A Bipartisan, International Issue

Richard Nixon’s role in the creation of the U.S. Environmental Protection Agency is complicated. It wasn’t his idea, and some believe he founded the EPA with the hope that he could control its administrators. But there can be little doubt that even Nixon—a Republican to his very bones—understood the need for stiffer environmental regulations. Almost all Republicans of his generation did. In that 1970 State of the Union speech, Nixon called environmental preservation a “common cause of all the people of this country.” He went on: “It is a cause of particular concern to young Americans, because they more than we will reap the grim consequences of our failure to act on programs which are needed now if we are to prevent disaster later. Clean air, clean water, open spaces—these should once again be the birthright of every American.”

William Ruckelshaus’s swearing in as the first EPA chief, 1970; from left: President Richard M. Nixon, William Ruckelshaus, Jill Ruckelshaus (wife), Chief Justice Warren Burger

What’s more, Nixon understood that supporting our environment would have financial costs. But he viewed those costs as justifiable, even obligatory. He continued:

We still think of air as free. But clean air is not free, and neither is clean water. The price tag on pollution control is high. Through our years of past carelessness we incurred a debt to nature, and now that debt is being called. The program I shall propose to Congress will be the most comprehensive and costly program in this field in America’s history.

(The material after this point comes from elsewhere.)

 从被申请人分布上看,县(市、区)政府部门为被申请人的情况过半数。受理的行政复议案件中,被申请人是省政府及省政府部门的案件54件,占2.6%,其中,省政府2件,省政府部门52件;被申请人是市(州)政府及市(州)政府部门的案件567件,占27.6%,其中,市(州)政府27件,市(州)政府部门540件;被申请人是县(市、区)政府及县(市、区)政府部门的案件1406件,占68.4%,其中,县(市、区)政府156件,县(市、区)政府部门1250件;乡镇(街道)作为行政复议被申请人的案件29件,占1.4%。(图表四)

A year earlier, United Nations Secretary General U Thant had told the General Assembly that the world had just 10 years left to fix the environment before it became unfixable, and he’d identified the United States as a primary contributor to the problem.

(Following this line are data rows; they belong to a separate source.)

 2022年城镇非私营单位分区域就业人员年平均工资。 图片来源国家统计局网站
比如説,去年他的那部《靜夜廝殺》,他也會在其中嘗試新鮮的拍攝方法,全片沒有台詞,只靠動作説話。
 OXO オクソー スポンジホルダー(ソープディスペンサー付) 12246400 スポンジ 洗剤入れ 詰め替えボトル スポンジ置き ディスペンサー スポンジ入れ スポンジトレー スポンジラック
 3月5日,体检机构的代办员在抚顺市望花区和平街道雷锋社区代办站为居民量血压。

The public overwhelmingly agreed with these mandates. On the first Earth Day, in 1970, New York City closed 40 blocks of Fifth Avenue as 100,000 people turned out to march. (Some 20 million Americans demonstrated across the country.) Congress canceled business, as its members felt a responsibility to stand with their constituents and vowed to clean up the mess they had made.

Decades of Progress

The EPA, and the laws it implemented, changed everything. Although we now drive four times as many miles as we did in 1970, smog no longer chokes our cities as it used to, thanks to a more than 90 percent decrease in emissions per mile. The average American kid is growing up with blood lead levels one-tenth of what her grandparents had as children. And she’s far less likely to be exposed to toxic chemicals like asbestos.

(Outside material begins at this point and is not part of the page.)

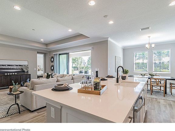 The large breakfast café sits facing the rear of the home for peaceful views during mealtimes, while large sliding glass doors from the great room open to an extended covered lanai for the ultimate entertaining setup. Plumbing and electrical wiring for an outdoor kitchen and an in-ground pool and spa pre-wire are already in place for future home improvements.
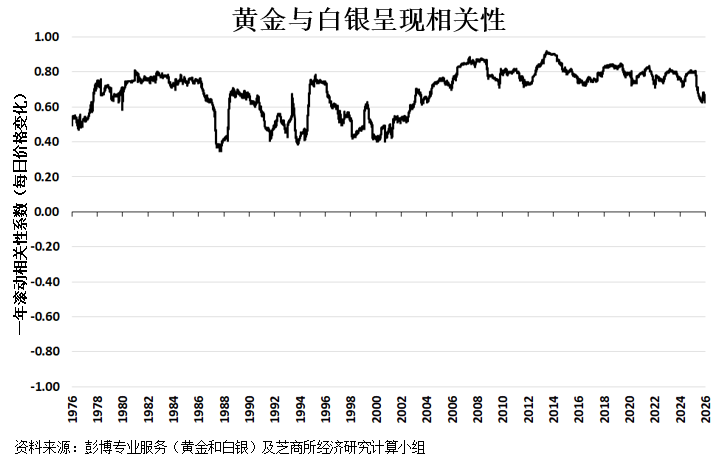 图 3:白银与黄金走势通常呈强正相关

The proportion of American homes served by stringent sewage treatment systems has more than doubled since EPA’s founding. Municipal solid waste recycling has grown fivefold. More than 18 million acres of land contaminated by hazardous waste have been cleaned up. The rate of wetlands loss has decreased by 96 percent.

Nostalgia is a dangerous instinct. It’s easy to remember the historic moments, but the day-to-day problems fade. The America that existed in the 1960s, in the years before the EPA’s founding, was dirty, dark, and dangerous. The EPA saved us. Let’s return the favor now.